If a rights owner identifies a domain name identical or almost similar to his trademark, that is generally bad news. The domain name may accommodate a website selling counterfeit products or perform other fraudulent activities. This is also known as cybersquatting. Besides this, the domain name owner may act anonymously. In such cases, the website does not show any correct identifying details and the Whois database may not be accurate as well. The good news is that there is a remedy.
UDPR stands for Uniform Domain Name Dispute Resolution Policy. A UDRP proceeding is an administrative procedure that can be used by trademark rights owners to obtain a domain name that bears their trademark. The domain dispute is applicable to well-known domain name extensions (such as .com, .info, .net, so-called gTLD’s) and new gTLD’s, as well as to approximately 40 country-related top-level domains (ccTLD’s).
UDRP disputes should be filed at one of the ICANN-accredited UDRP providers. The provider appoints one or more IP professionals who then form a panel that assesses the facts and circumstances stated in the complaint. The intended result is a decision that orders the transfer or cancellation of the domain name. The overall preference of complainants is to get the domain name transferred to them.
Three cumulative requirements form the core of the complaint in UDRP proceedings:
The first element requires a trademark ‘in which the complainant has rights’. Basically, this means that any party who has acquired trademark rights satisfies the threshold requirement of having ‘rights’. Both small scope trademarks and broad scope trademarks provide rights to the complainant.
Panels generally assess that – for the determination of this first element – the goods for which the trademark is registered, the filing date and date of first claimed use is not relevant.
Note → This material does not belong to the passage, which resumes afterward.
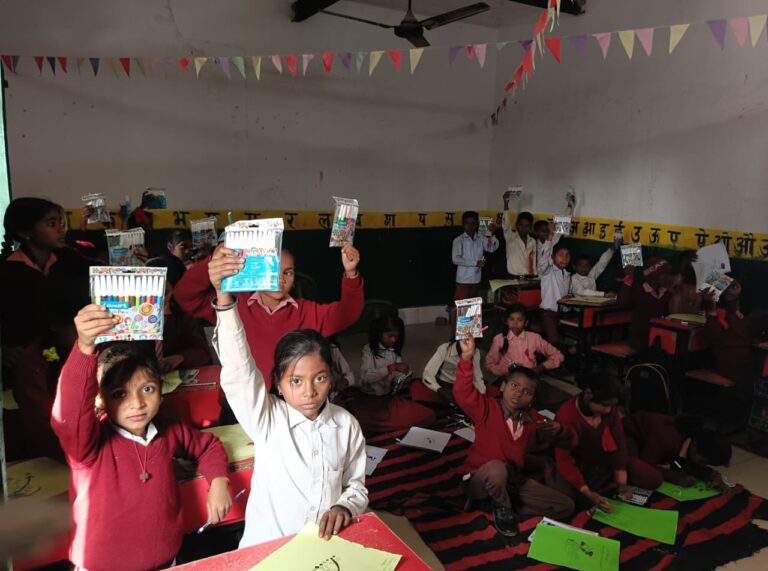 As an encouragement, one boy and one girl from each class, selected from all three schools for their participation in drawing and cultural activities, received winter caps, lunch boxes and pens.

Though panels agree that the geographical scope of protection is irrelevant such factors may bear on the panel’s determination under the second and third element of the UDRP. These factors may thus have an impact on the assessment of the legitimate interest- and bad faith arguments.
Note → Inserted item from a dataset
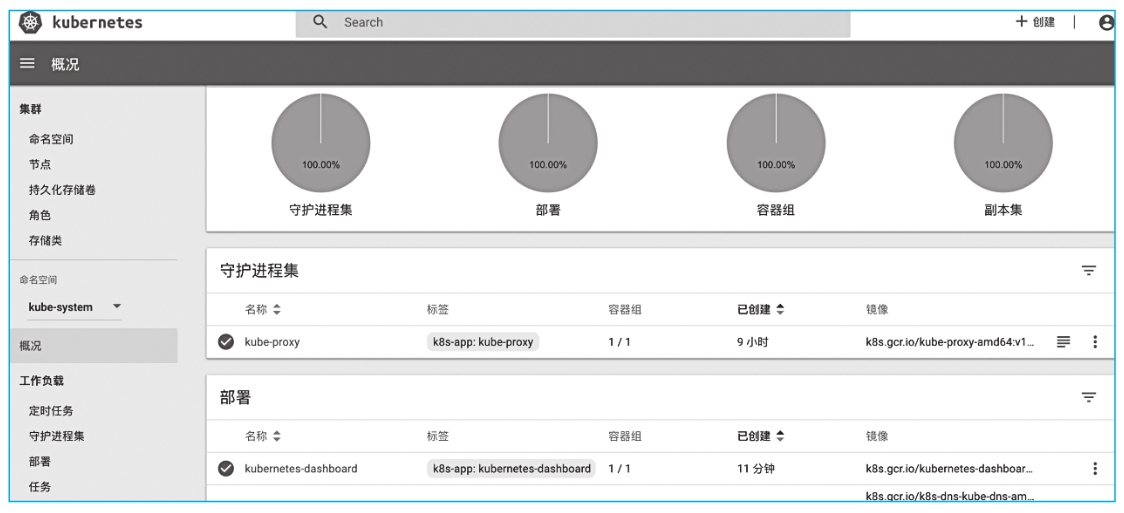 使用Helm安装和配置是将Istio安装到生产环境的推荐安装方式,因为Helm为Istio控制平面和数据平面Sidecar提供了丰富的配置。首先要在Kubernetes中安装Helm。可以根据Helm的官方文档安装,地址为https://github.com/helm/helm/blob/master/docs/install.md,安装好的Kubernetes如图2-10所示。

Trademarks that are valid in a relatively small geographical area usually are less well known than trademarks with a broader scope. Given that the internet has a global nature, it is conceivable that different scopes lead to different UDRP decisions.
In order to prove he has a ‘legitimate interest’, the respondent can demonstrate that he is ‘commonly known’ by the name he uses in his domain name. This is a generally accepted argument. The respondent has to prove that he has been known by the name apart from the domain name (and hence with the trademark). It is possible that in such cases, the geographical scope of the trademark is relevant. After all, nicknames will be probably derived quicker from well-known trademarks such as Red Bull than from trademarks which have a smaller geographical scope and which are less well known. Of course, this should always be assessed on a case by case basis, because factors such as the distinctiveness of the trademark will play an important role as well.
How may the geographical scope have an impact on the bad faith element? In WIPO case D2016-1425, the panel assessed that the respondent would never have chosen the domain name (which beared the name of a French trademark and with a .com extension) for a website in the Japanese language in good faith without having been aware of the existence of the trademark, which was registered in France only. The trademark carried no meaning in either English or Japanese. The panel concludes that this awareness contributes to the determination of bad faith.
If the Respondent had filed a response in the abovementioned case D2016-1425, he could have argued that just because of the small scope of the trademark, the trademark was not known to Japanese internet users (the main visitors of the website) and that the choice of the domain name was just a coincidence. Even a ccTLD (in this case it was all about a .com domain) could probably have helped him. However, since the trademark, in this case, was quite distinctive, in the French language and not matching with the Japanese website, the panel probably wouldn’t have accepted these arguments.
The UDRP proceedings can be of great assistance for trademark rights owners dealing with cybersquatting. A positive decision will – in most cases – result in transfer to the rights owner. However, it’s worth noting that the geographical scope of a trademark can be a point of focus for a respondent in a UDRP procedure. Although this scope is not relevant for determination under the first element, it can have an impact on the assessment of the two other elements.
Respondent may use it in order to strengthen his argument that he has a legitimate interest because he is commonly known under the name. If the trademark has a small geographical scope, he can argue that it is unlikely that he derived the name from this trademark. Besides this, the bad faith suspicions can be tempered in case the domain name matches the content of the website and bears a not-so distinctive trademark with a small geographical scope. In any event, it is important to draft a well documented UDRP complaint, since facts and circumstances differ on a case by case basis.